When we were a child back in the Cretaceous, our parents used to sneak us into revivals of the Sean Connery Bond flicks while disdaining the Roger Moore editions that were showing at the time. Spectre reminds us of the Connery movies, minus the fashionable lechery of the time, which is alluded to when a white cat jumps onto Craig’s knees and he says, “Pussy”. Moviegoers expecting the nonstop kinetics of the Bourne-Mission Impossible school will be disappointed—director Sam Mendes likes the movie to breathe between the action scenes, though at nearly two and a half hours that’s too much breathing time. Also, Mendes is so respectful of human life that whenever Bond kills a bad guy we’re not allowed to cheer. We’re supposed to feel guilty. Ayyy political correctness.

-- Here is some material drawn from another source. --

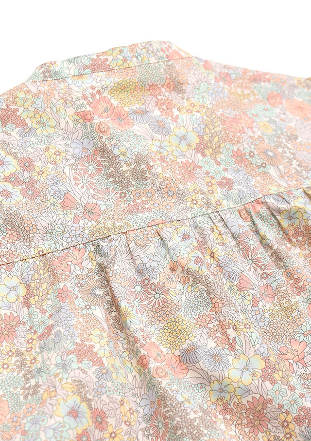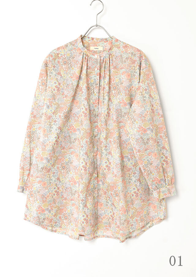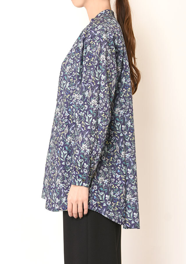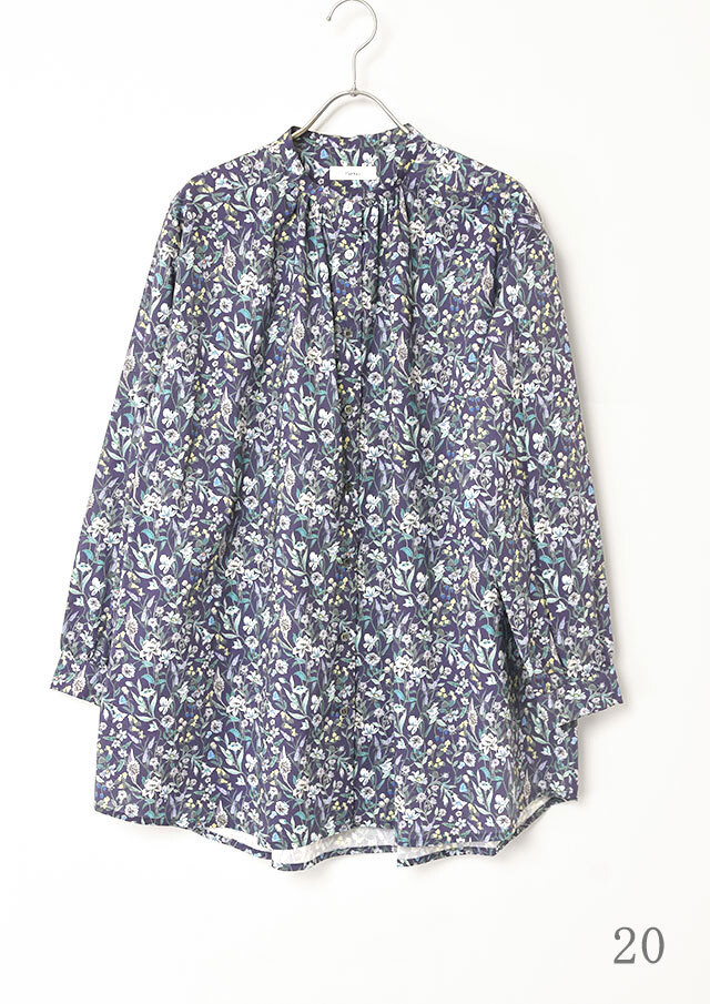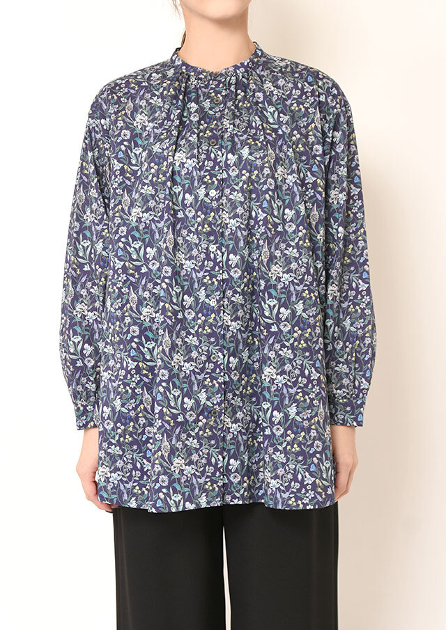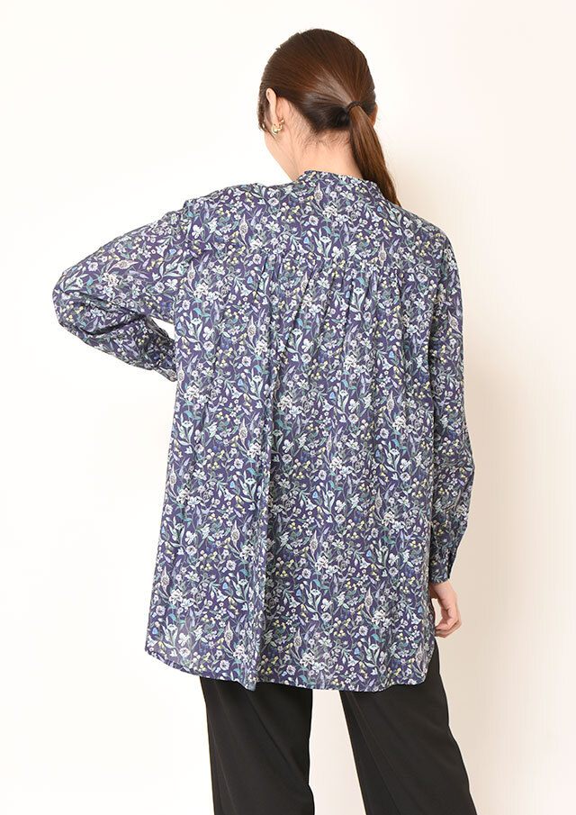 バンドカラーに、フロントだけ控えめに入ったギャザーがやわらかな表情をプラス。

Written by Penny Dreadful showrunner John Logan and others, Spectre is about the impending obsolescence of the Double-00 intelligence program in favour of surveillance technology. The new head of MI6 is played by Andrew Scott a.k.a. Moriarty on BBC’s Sherlock, so the mere casting is a spoiler. Ralph Fiennes returns as M (the new Judi), Naomie Harris as Ms Moneypenny (Give her a spinoff), Ben Whishaw as Q, and Rory Kinnear (Frankenstein’s Monster in Penny Dreadful) as another guy whose name we didn’t catch. Fiennes, Whishaw and Kinnear are three of the finest Shakespearean actors of the day (See Whishaw and Kinnear in The Hollow Crown as Richard II and the future Henry IV), so maybe Daniel Craig should consider that as Bond he gets to be supported by these wonderful actors who are probably happy to have the parts. Also, what is the point of casting Monica Bellucci if she gets just five minutes of screen time? The snows of Altausee get more screen time (We’ve actually been to Altausee, obviously not skiing, en route to the picturesque town of Gmunden to see the toilet museum).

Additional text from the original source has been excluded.